Per delineare i profili concreti del danno si fa comunemente riferimento ai due concetti di danno emergente e lucro cessante che, lungi dall'essere espressione di separate categorie di risarcibilità, contribuiscono a caratterizzare una nozione unitaria di danno patrimoniale.

Il Codice civile non richiama espressamente le due categorie, limitandosi a precisare all'art. 1223 (Risarcimento del danno) che "il risarcimento del danno per l'inadempimento o per il ritardo deve comprendere così la perdita subita dal creditore come il mancato guadagno, in quanto ne siano conseguenza immediata".

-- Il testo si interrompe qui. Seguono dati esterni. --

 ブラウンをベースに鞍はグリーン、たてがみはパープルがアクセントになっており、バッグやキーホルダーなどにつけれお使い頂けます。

La distinzione tra le due componenti del danno è frutto di elaborazione dottrinale già a partire dalle fonti romane e rappresenta in tempi moderni uno strumento necessario per i giuristi al fine di identificare gli effetti pregiudizievoli subiti dal patrimonio del danneggiato. 

Il concetto di danno emergente identifica ogni diminuzione patrimoniale provocata dall'illecito o dall'inadempimento. Deve trattarsi di un perdita di utilità già presenti nel patrimonio del danneggiato e fattispecie tipiche in tal senso possono rinvenirsi nel disvalore economico provocato dalla mancata, inesatta o ritardata prestazione del debitore, nelle spese sostenute per rimuovere inesattezze della prestazione, nella temporanea impossibilità di godere del bene, nei danni provocati alla persona o ai beni del creditore (ad es. a seguito di incidente stradale).

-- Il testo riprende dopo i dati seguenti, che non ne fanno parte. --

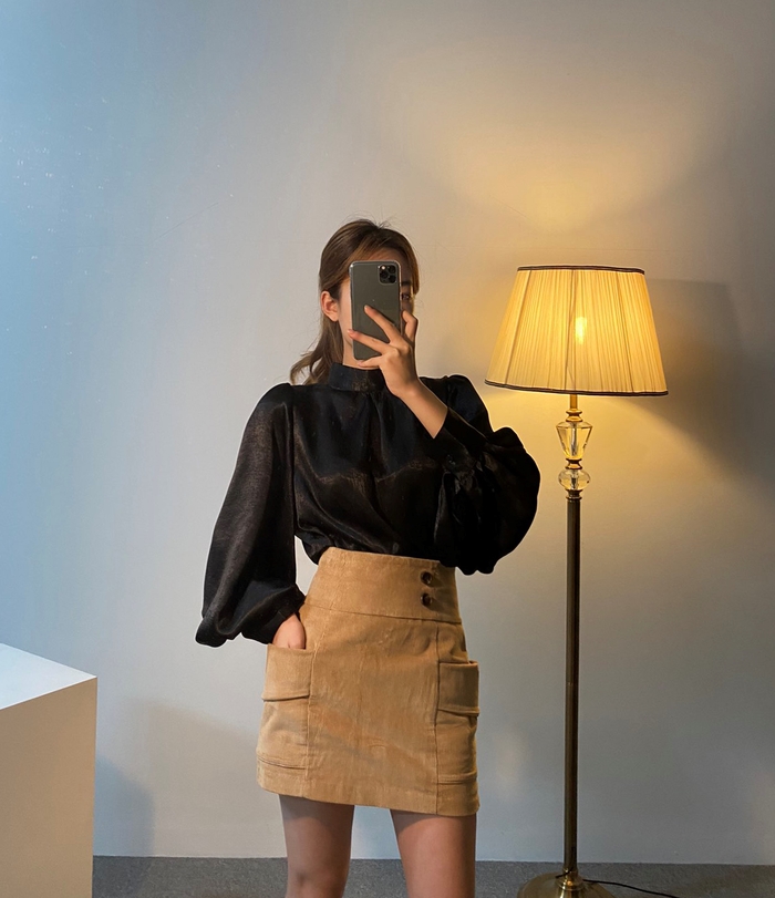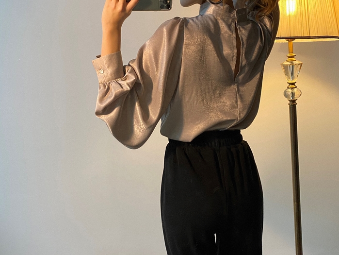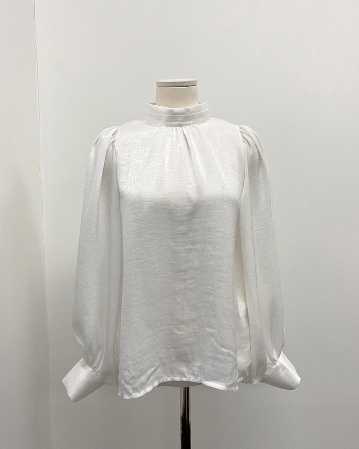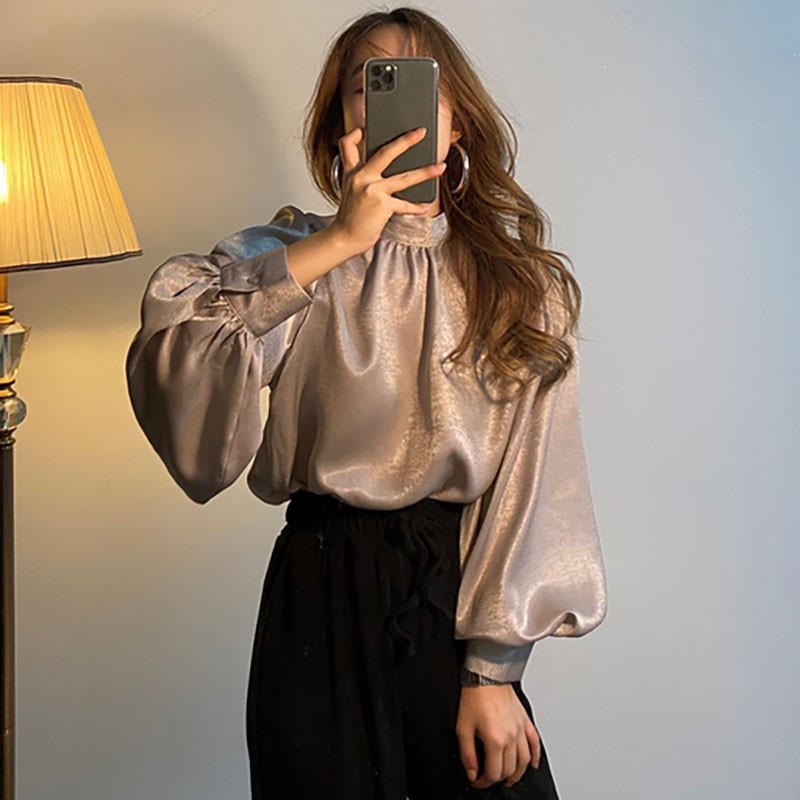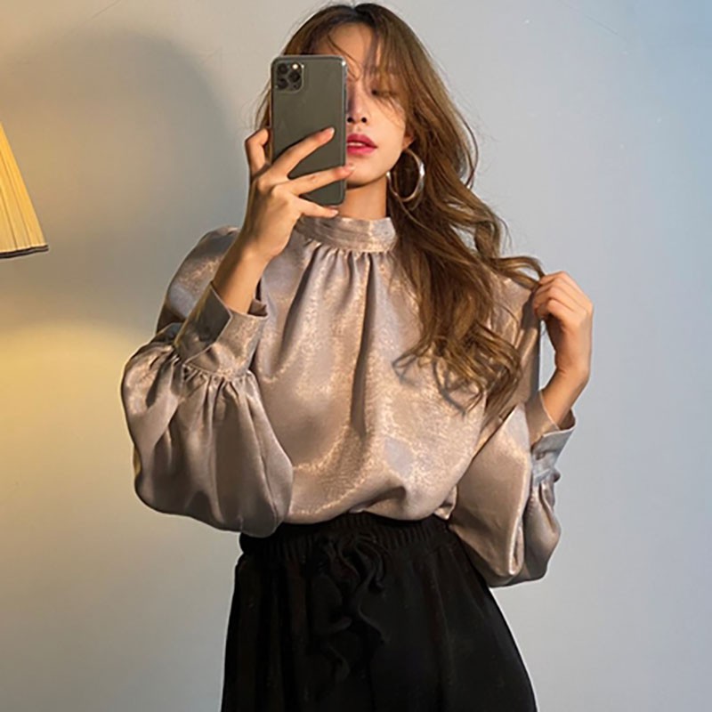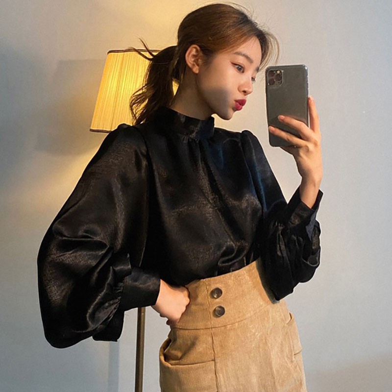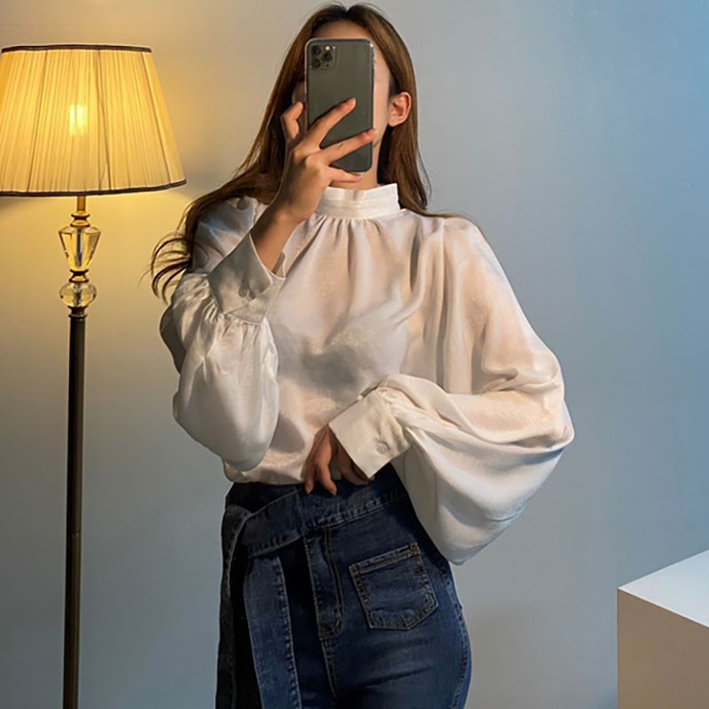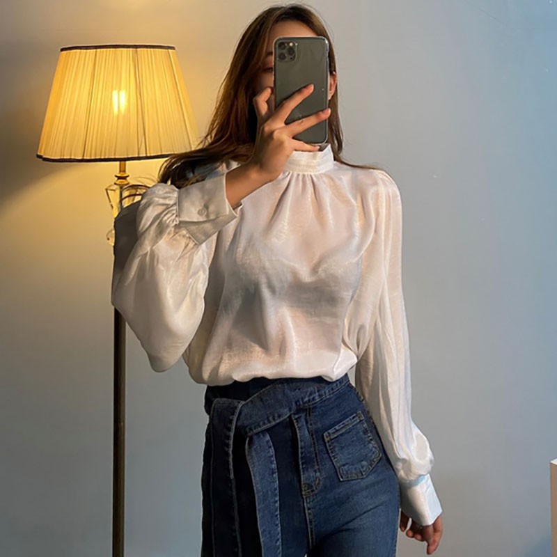 Korean Fashion Women Long Sleeve Blouse Loose Stand Collar Tops Shirt

Il lucro cessante si identifica nel mancato guadagno patrimoniale provocato dall'inadempimento o dall'illecito che si sarebbe dovuto conseguire in caso l'obbligazione fosse stata regolarmente adempiuta o in mancanza della lesione. A differenza del danno emergente, il lucro cessante attiene ad una ricchezza non ancora inglobata nel patrimonio del danneggiato, ma che si sarebbe ragionevolmente prodotta.

Il lucro cessante si riscontra in situazioni come l'impossibilità di utilizzare un bene (es. mancata percezione di frutti da un bene fruttifero oppure mancato guadagno se il bene è uno strumento di lavoro necessario), nella mancata realizzazione di rapporti contrattuali, nei cd. "danni futuri" provocati dalla perdita o diminuzione della capacità lavorativa oppure della capacità di versare prestazioni assistenziali (es. morte della persona che erogava gli alimenti).

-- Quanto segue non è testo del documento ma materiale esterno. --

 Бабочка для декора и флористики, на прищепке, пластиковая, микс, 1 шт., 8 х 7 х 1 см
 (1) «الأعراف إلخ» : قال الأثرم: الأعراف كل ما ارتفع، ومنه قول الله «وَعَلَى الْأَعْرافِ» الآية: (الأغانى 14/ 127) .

Ai fini del risarcimento dovrà essere verificato il nesso causale tra evento dannoso ed evento di danno, poiché le perdite subite o il mancato guadagno devono rappresentare una "conseguenza immediata e diretta" del fatto. 

Successivamente, danno emergente e lucro cessante potranno contribuire alla quantificazione del danno.
Se non sia possibile provare il danno nel suo preciso ammontare (come spesso accade per il lucro cessante) il giudice lo liquiderà in via equitativa se risulta che il nocumento patrimoniale si andrà a verificare con una ragionevolmente fondata attendibilità
Lucia Izzo
(25/06/2015 - Lucia Izzo)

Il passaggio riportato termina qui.